■ RECORDS SUPPLIED
········

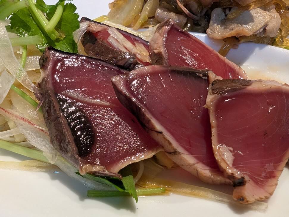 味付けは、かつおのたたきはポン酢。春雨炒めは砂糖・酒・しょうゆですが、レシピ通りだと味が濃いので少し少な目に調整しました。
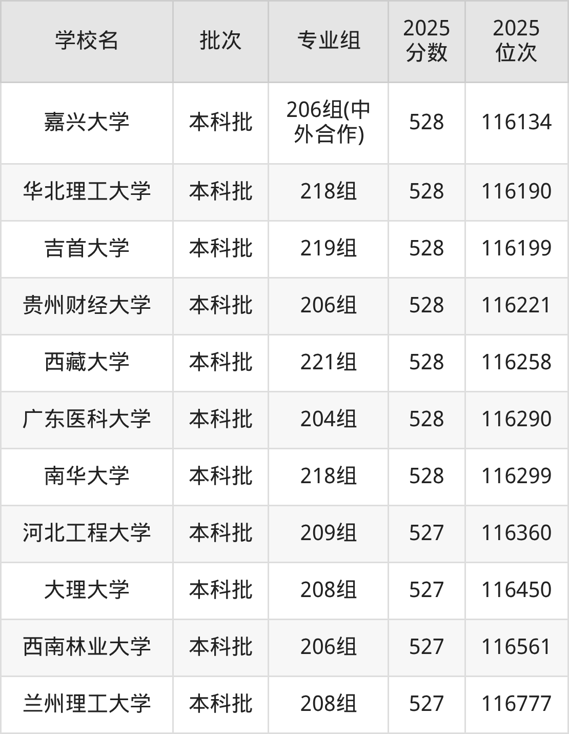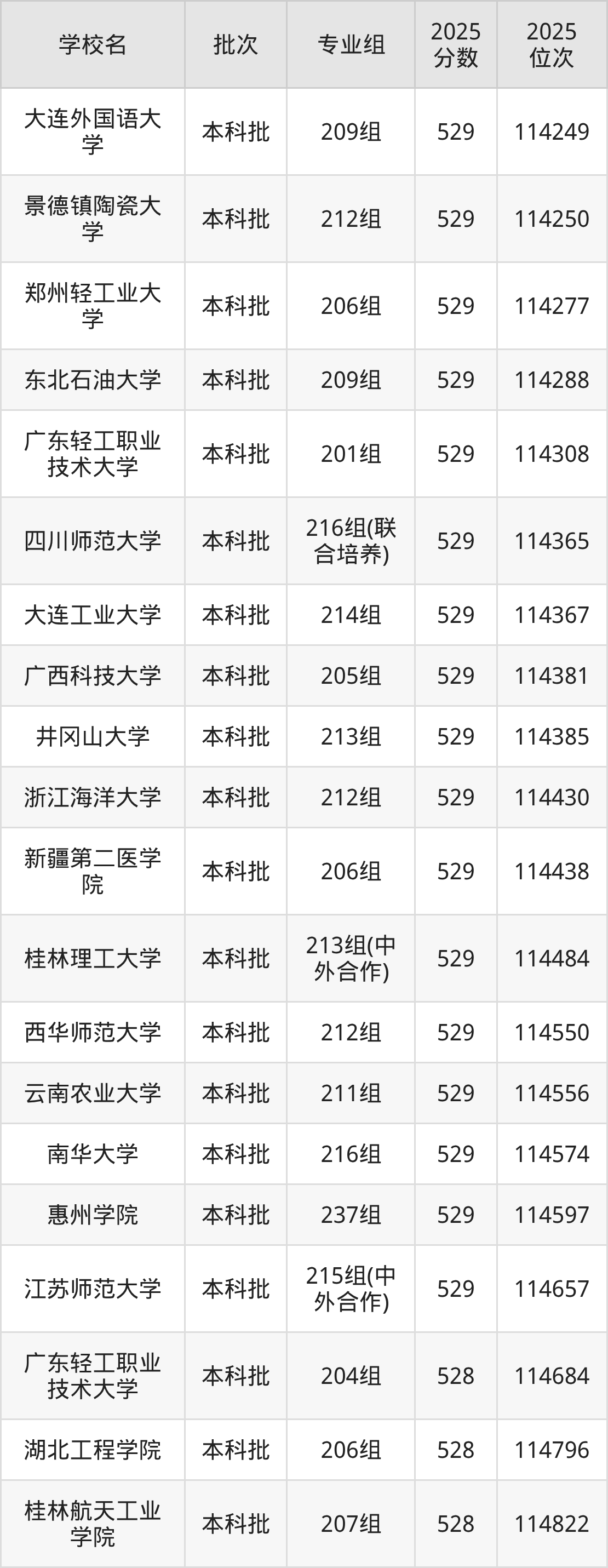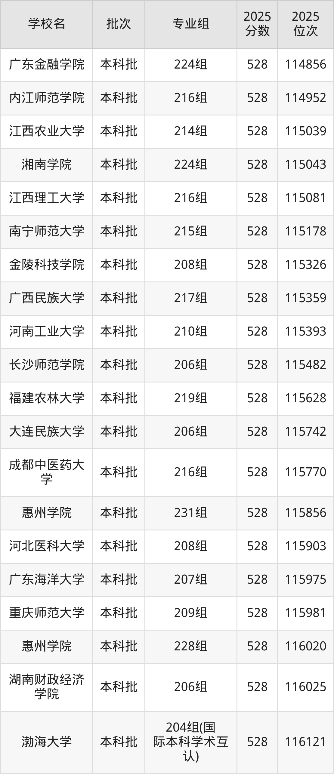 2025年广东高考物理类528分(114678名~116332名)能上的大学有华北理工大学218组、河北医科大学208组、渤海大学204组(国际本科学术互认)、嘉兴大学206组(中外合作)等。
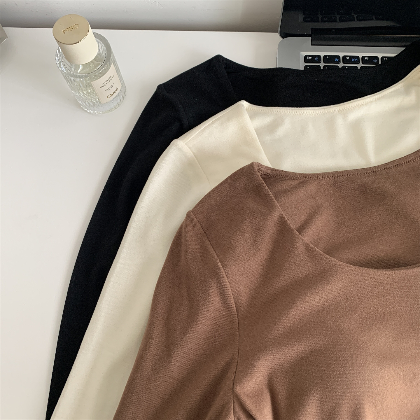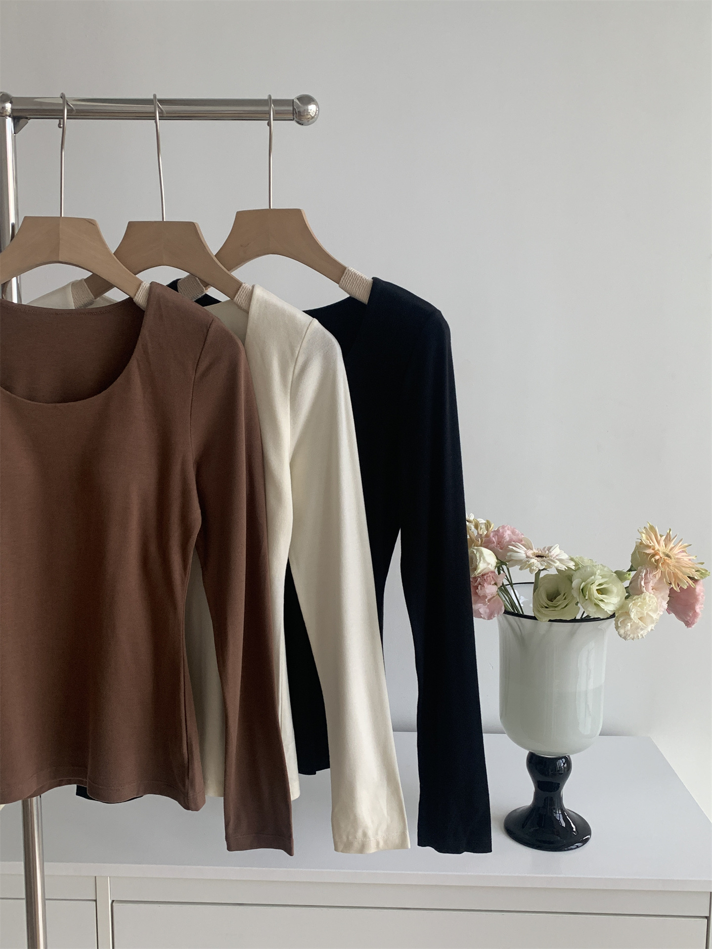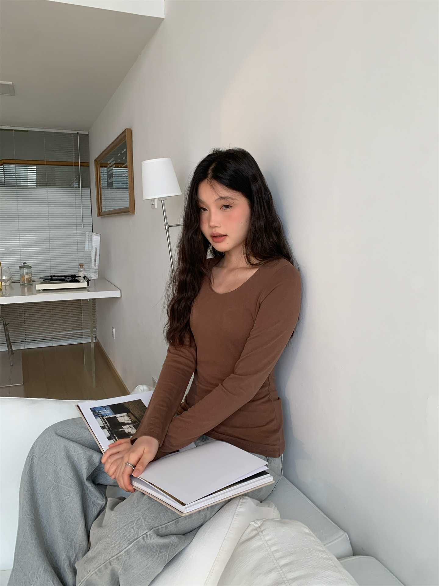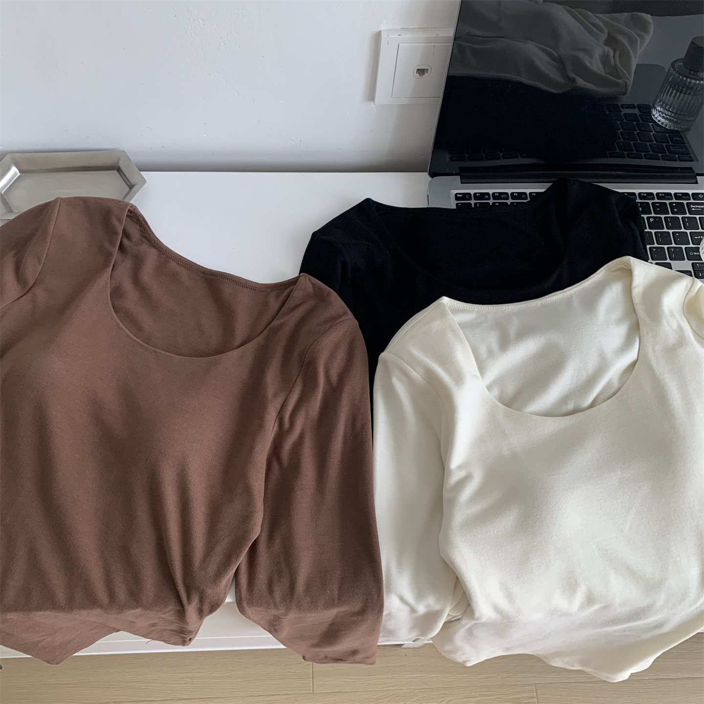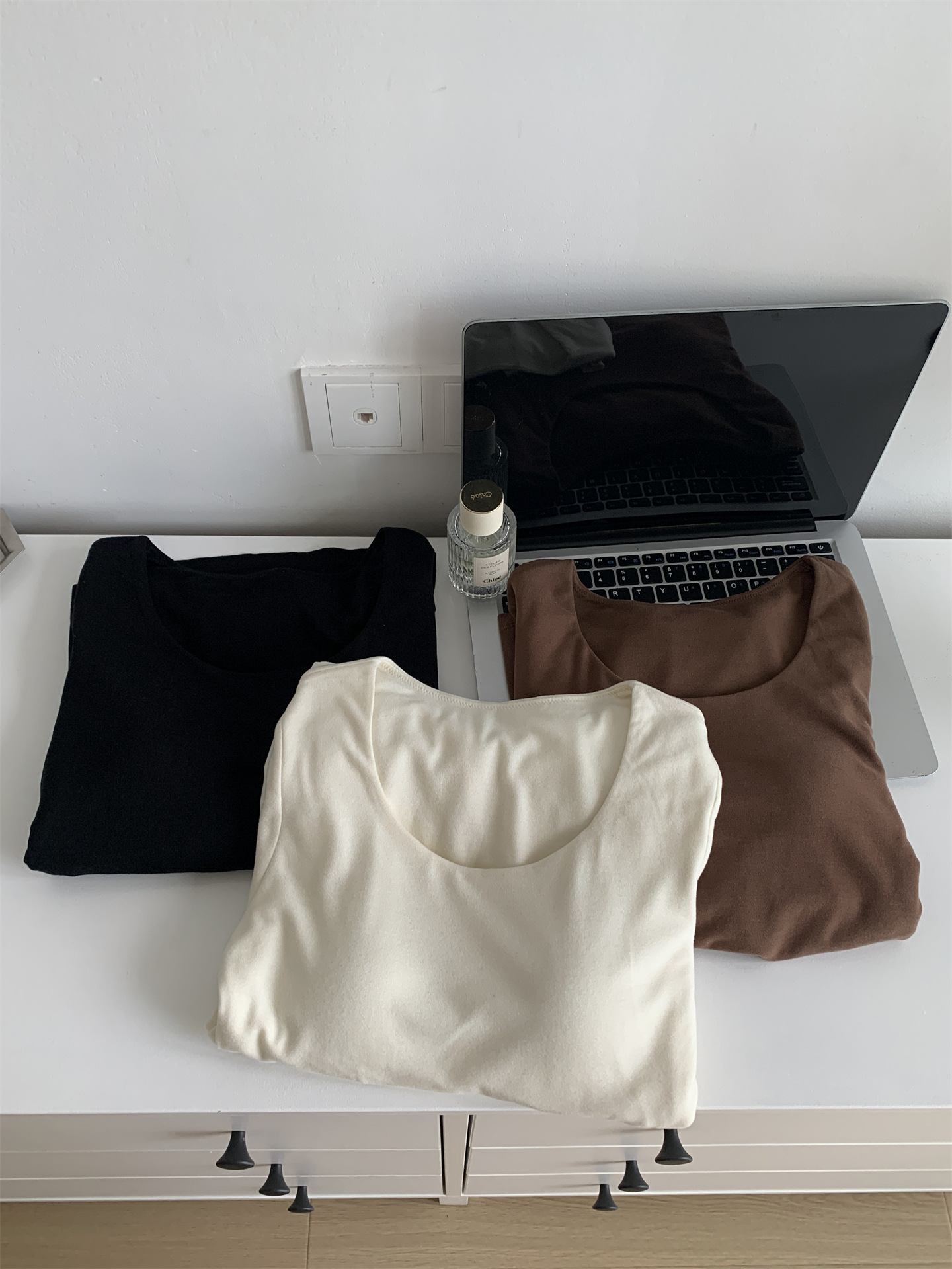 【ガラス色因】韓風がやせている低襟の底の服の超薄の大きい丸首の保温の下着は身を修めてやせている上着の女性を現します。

········

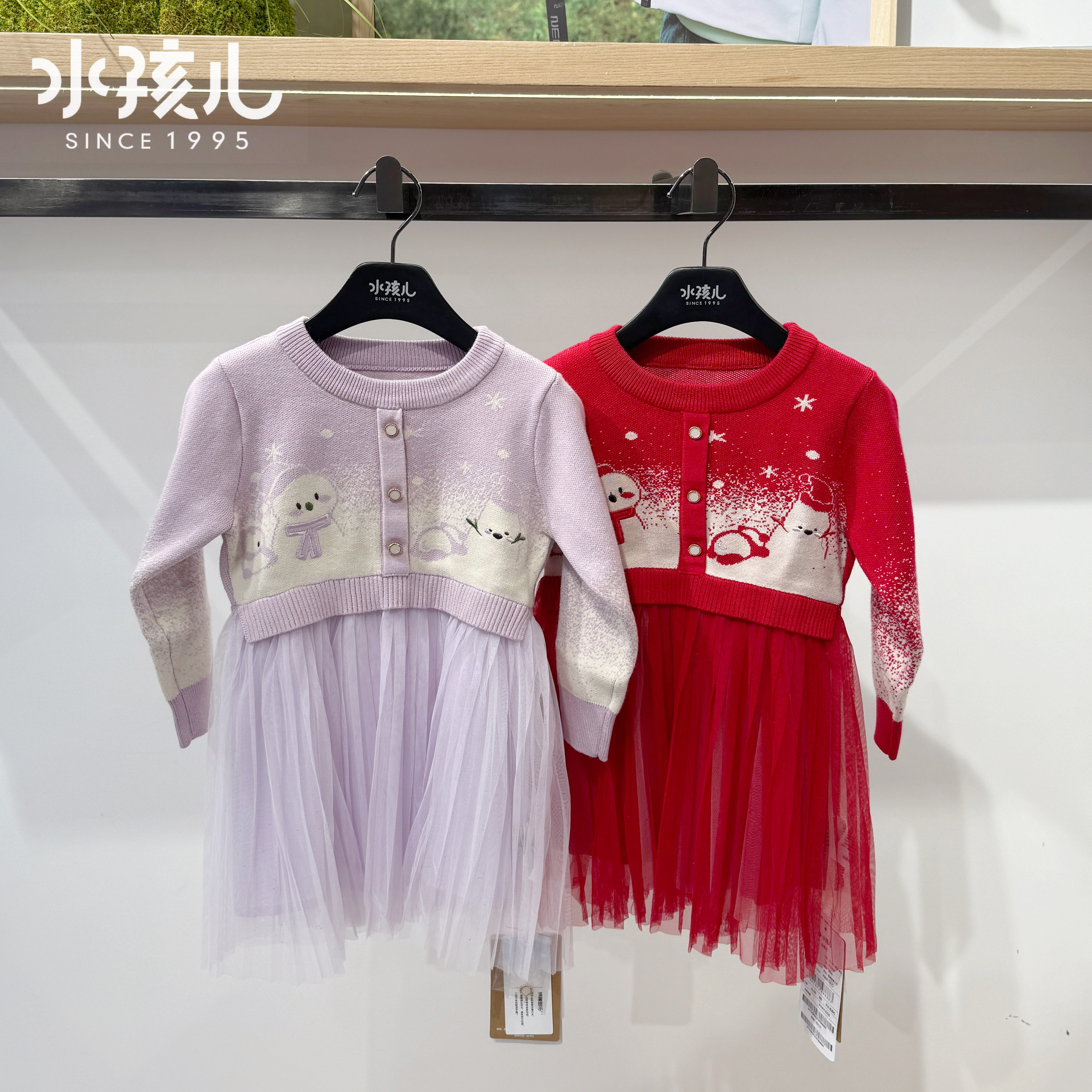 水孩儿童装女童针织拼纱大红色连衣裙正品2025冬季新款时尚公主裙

········

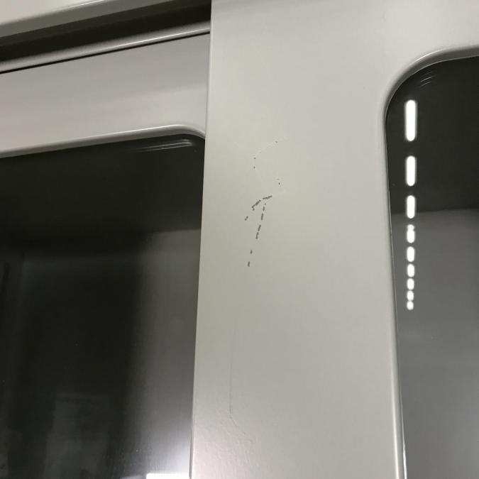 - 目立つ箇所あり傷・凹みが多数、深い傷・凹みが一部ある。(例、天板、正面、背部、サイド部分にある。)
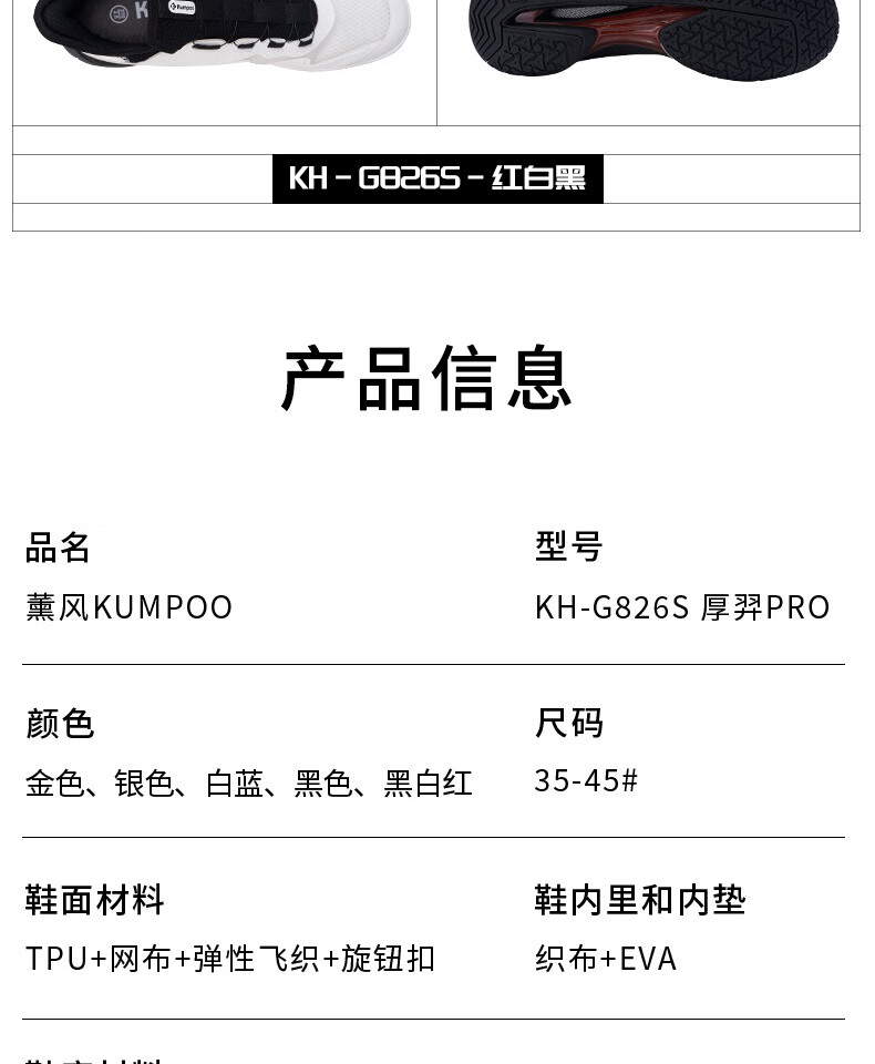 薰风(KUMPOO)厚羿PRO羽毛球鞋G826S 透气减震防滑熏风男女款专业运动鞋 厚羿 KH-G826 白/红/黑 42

········

■ TASK TO COMPLETE
Keep to the lines above from the line with "- 目立つ箇所あり傷・凹みが" to the line with "薰风(KUMPOO)厚羿PRO羽毛球鞋G826S 透气减震防滑熏风男女款专业运动鞋 厚羿", and set down exactly those, inclusive, with nothing else and every picture left out.

■ OUTPUT FOR THIS EXERCISE
 - 目立つ箇所あり傷・凹みが多数、深い傷・凹みが一部ある。(例、天板、正面、背部、サイド部分にある。)
 薰风(KUMPOO)厚羿PRO羽毛球鞋G826S 透气减震防滑熏风男女款专业运动鞋 厚羿 KH-G826 白/红/黑 42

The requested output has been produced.